__Your assignment__
Repeat all the lines below exactly, but omit the pictures.

-------- Stored data --------

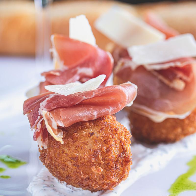 serrano ham, mozzarella, basil, tomato, arugula on house-made ciabatta bread
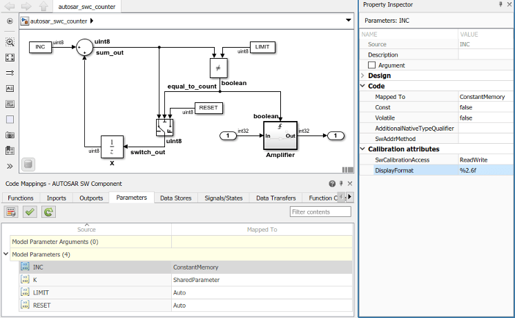 hModel = 'autosar_swc_counter'; addpath(fullfile(matlabroot,'/examples/autosarblockset/main')); open_system(hModel); slMap = autosar.api.getSimulinkMapping(hModel); mapParameter(slMap,'INC','ConstantMemory','DisplayFormat','%2.6f')
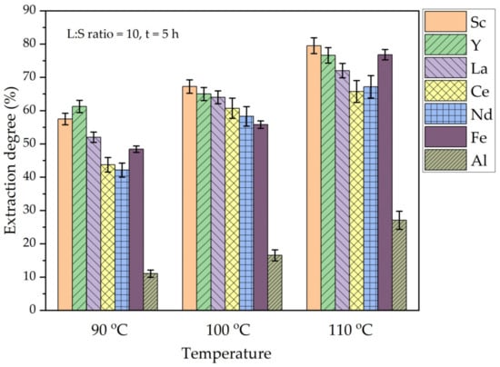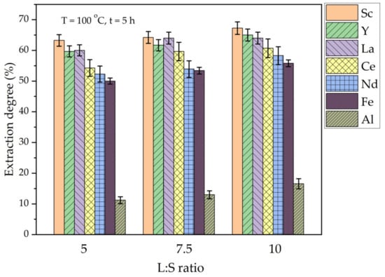 Figure 7 shows that an REEs extraction more than 50% was achieved at all the L/S ratios after 5 h of leaching at 100 °C. However, the Al extraction was lower than 20% at these conditions. The increase in the L/S ratio from 5 to 10 leads to an increase in the extraction of all the elements by 5–7%. Therefore, the L/S ratio has a little effect on the REEs extraction from DCFA under atmospheric pressure. To enhance the extraction of Al, the high-pressure leaching method commonly is used [42], which implies a high effect of temperature on the mullite leaching.
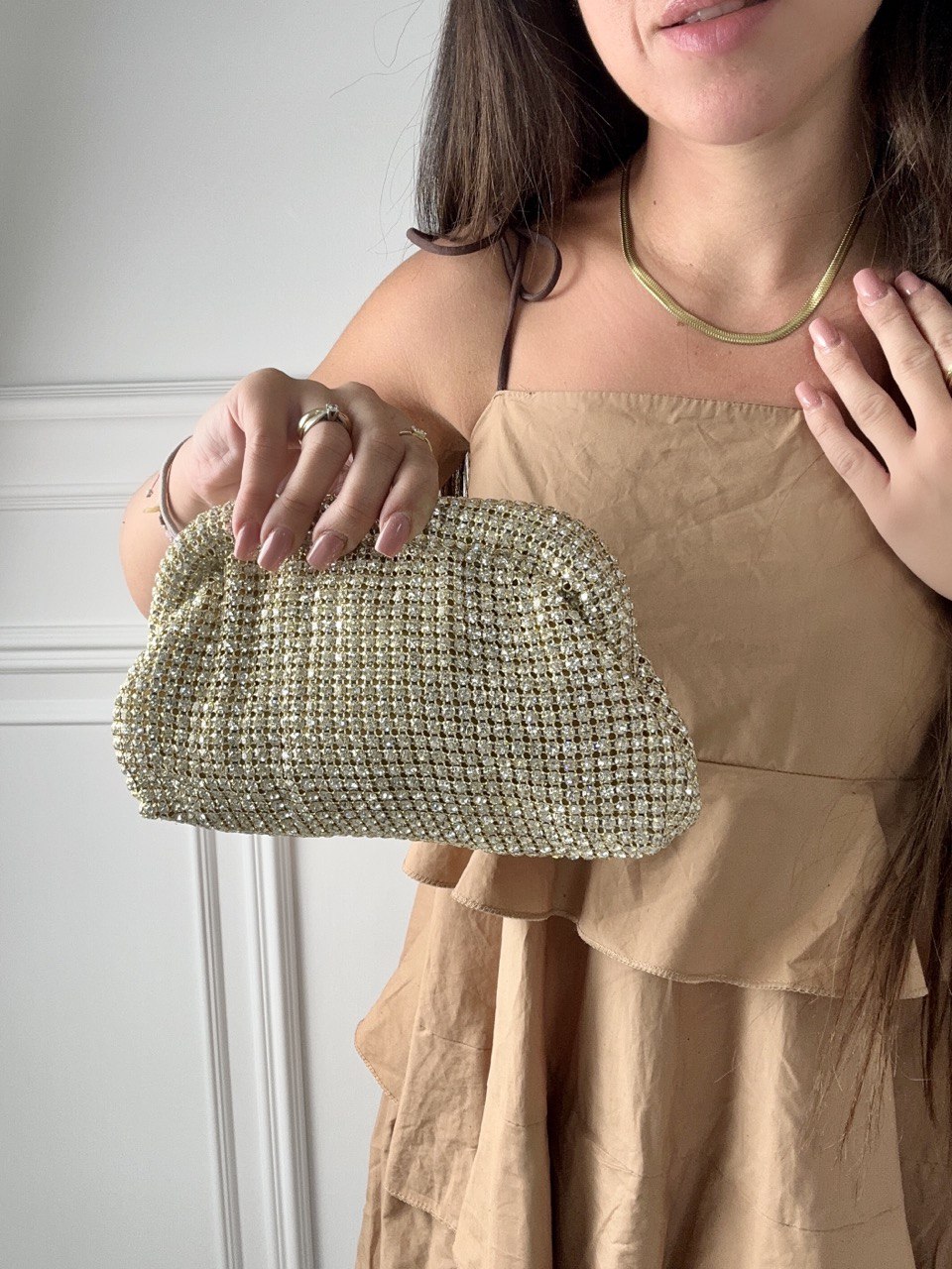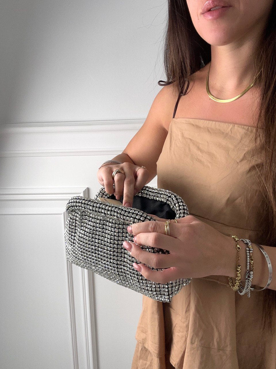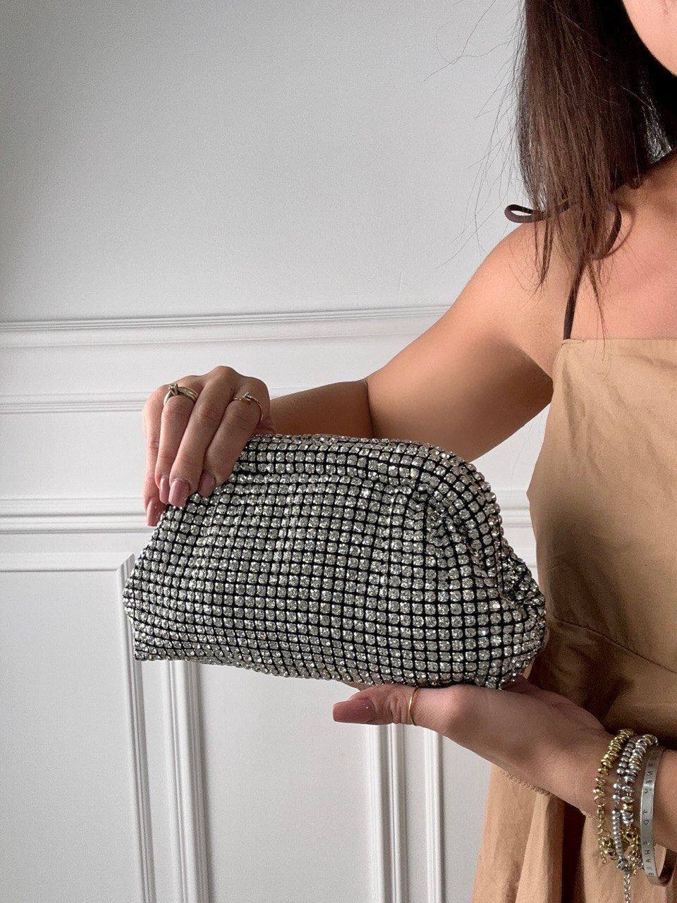 Borsetta in tessuto ricoperta interamente di strass e tracolla da spalla in catena.

--------

__Your response__
 serrano ham, mozzarella, basil, tomato, arugula on house-made ciabatta bread
 hModel = 'autosar_swc_counter'; addpath(fullfile(matlabroot,'/examples/autosarblockset/main')); open_system(hModel); slMap = autosar.api.getSimulinkMapping(hModel); mapParameter(slMap,'INC','ConstantMemory','DisplayFormat','%2.6f')
 Figure 7 shows that an REEs extraction more than 50% was achieved at all the L/S ratios after 5 h of leaching at 100 °C. However, the Al extraction was lower than 20% at these conditions. The increase in the L/S ratio from 5 to 10 leads to an increase in the extraction of all the elements by 5–7%. Therefore, the L/S ratio has a little effect on the REEs extraction from DCFA under atmospheric pressure. To enhance the extraction of Al, the high-pressure leaching method commonly is used [42], which implies a high effect of temperature on the mullite leaching.
 Borsetta in tessuto ricoperta interamente di strass e tracolla da spalla in catena.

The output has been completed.